• **About this task**
Everything in the records below from the line containing "SOREAL intègre chaque" through the line containing "Présentoir à bijoux" is to be reproduced exactly, those two lines included; no picture is to be copied.
──────── Information given
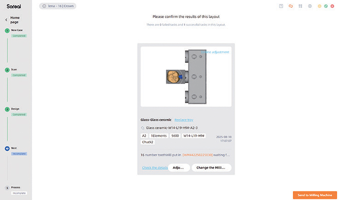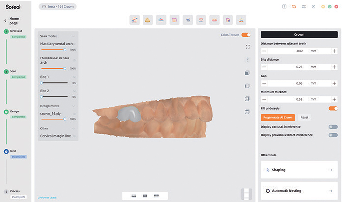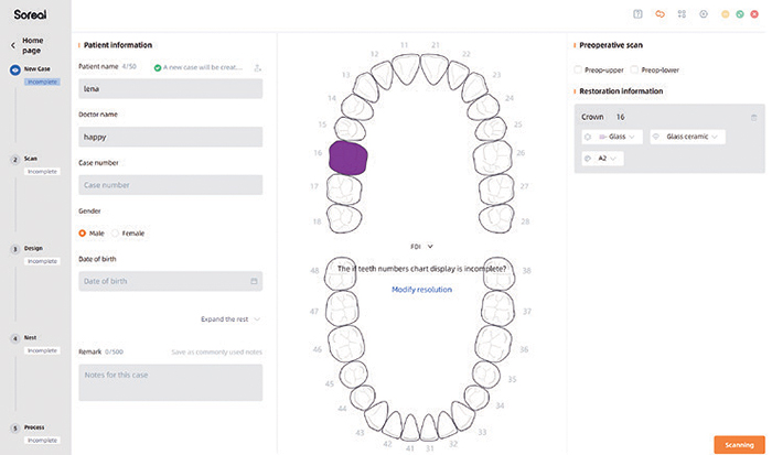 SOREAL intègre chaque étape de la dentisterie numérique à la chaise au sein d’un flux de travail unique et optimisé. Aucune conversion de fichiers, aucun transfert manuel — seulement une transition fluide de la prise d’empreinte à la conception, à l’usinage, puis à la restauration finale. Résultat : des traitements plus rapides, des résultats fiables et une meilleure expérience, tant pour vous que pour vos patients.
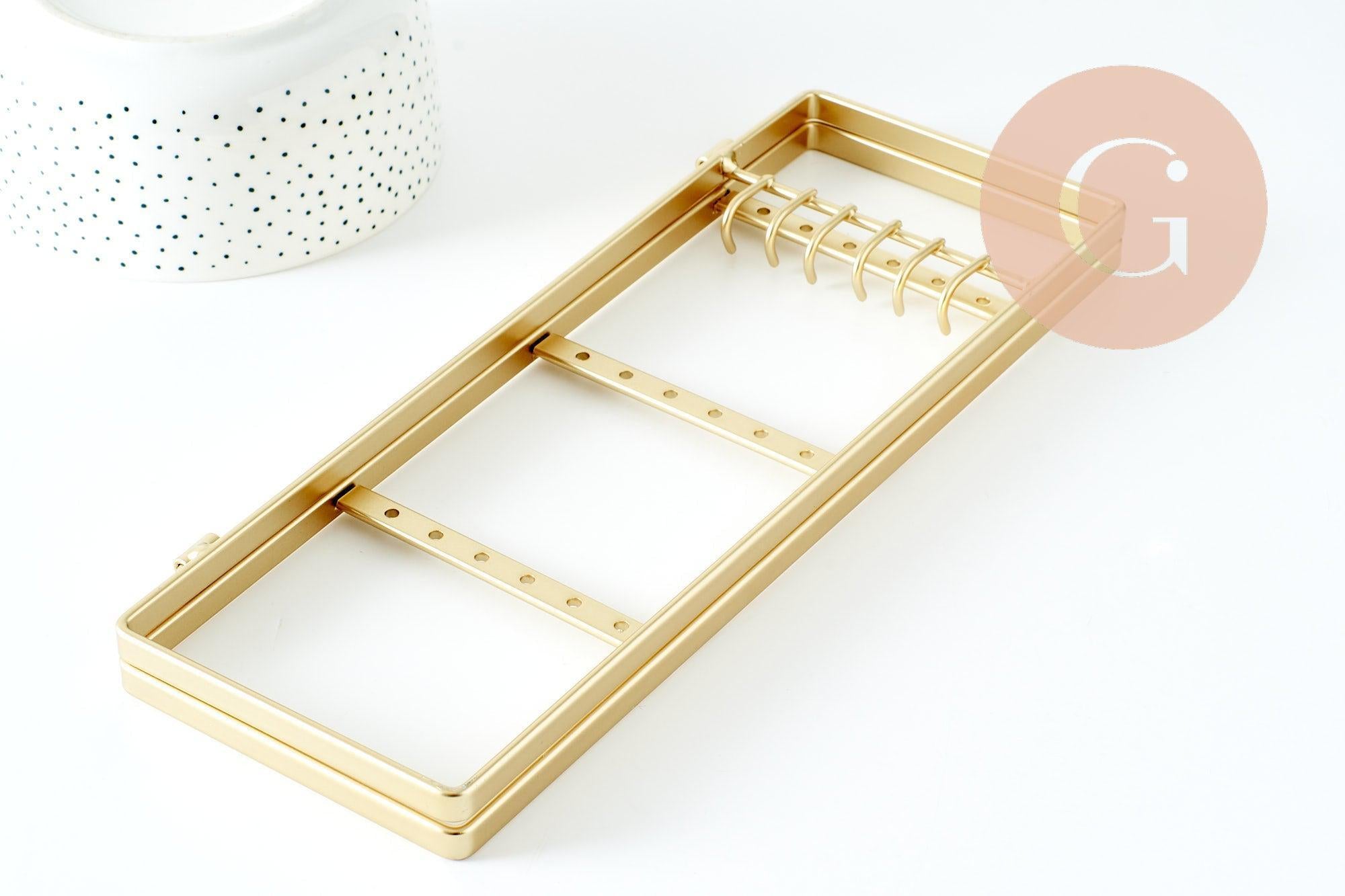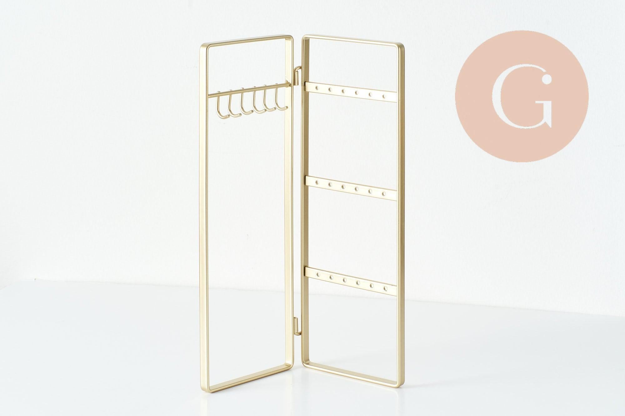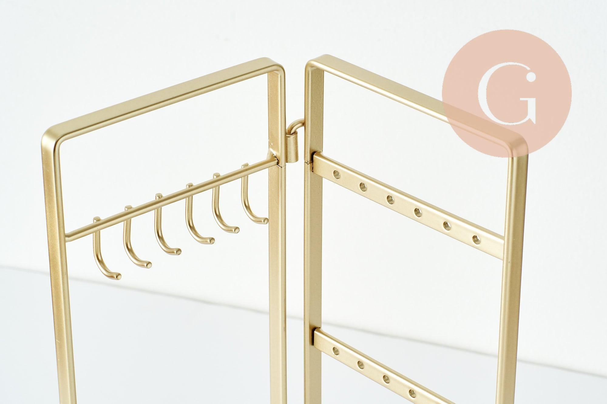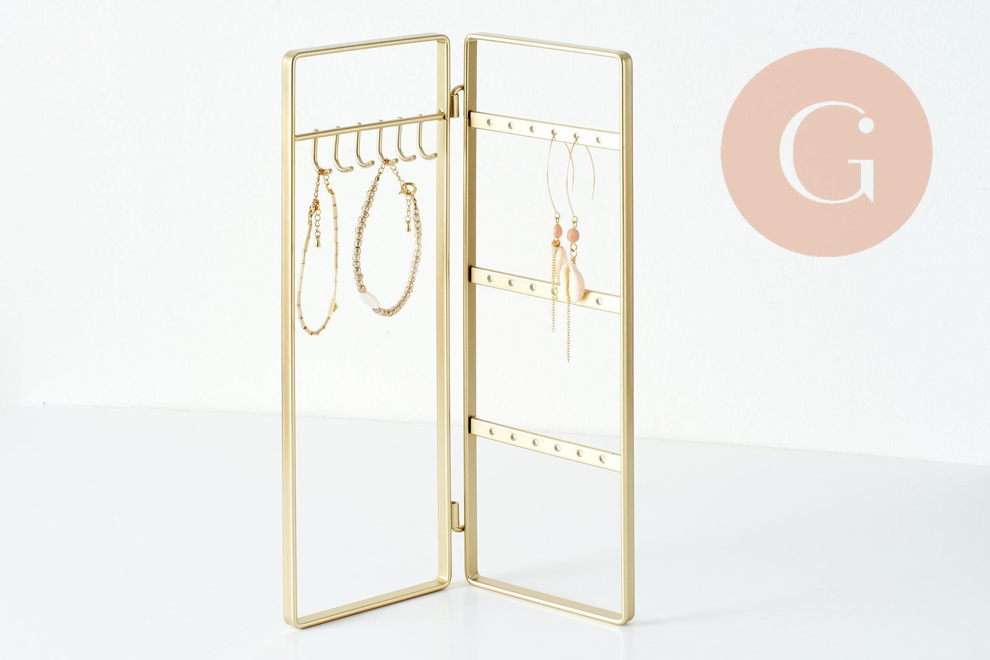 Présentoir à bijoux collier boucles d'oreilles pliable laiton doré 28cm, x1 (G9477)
────────────────
──────── Information given
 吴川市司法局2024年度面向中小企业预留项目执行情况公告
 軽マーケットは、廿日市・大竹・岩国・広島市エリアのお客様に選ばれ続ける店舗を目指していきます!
────────────────
──────── Information given
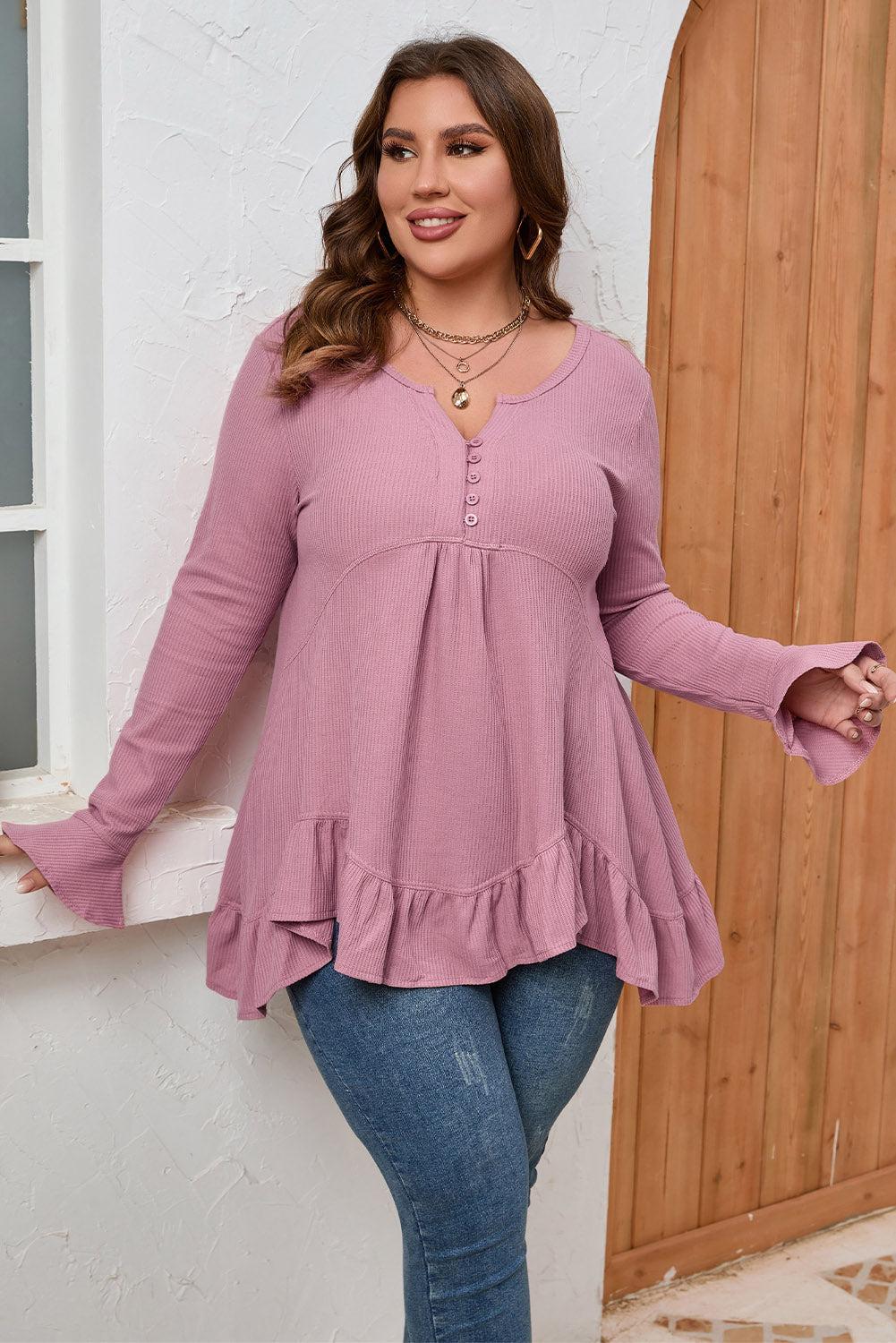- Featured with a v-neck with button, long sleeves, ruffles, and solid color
────────────────
• **Task answer**
 SOREAL intègre chaque étape de la dentisterie numérique à la chaise au sein d’un flux de travail unique et optimisé. Aucune conversion de fichiers, aucun transfert manuel — seulement une transition fluide de la prise d’empreinte à la conception, à l’usinage, puis à la restauration finale. Résultat : des traitements plus rapides, des résultats fiables et une meilleure expérience, tant pour vous que pour vos patients.
 Présentoir à bijoux collier boucles d'oreilles pliable laiton doré 28cm, x1 (G9477)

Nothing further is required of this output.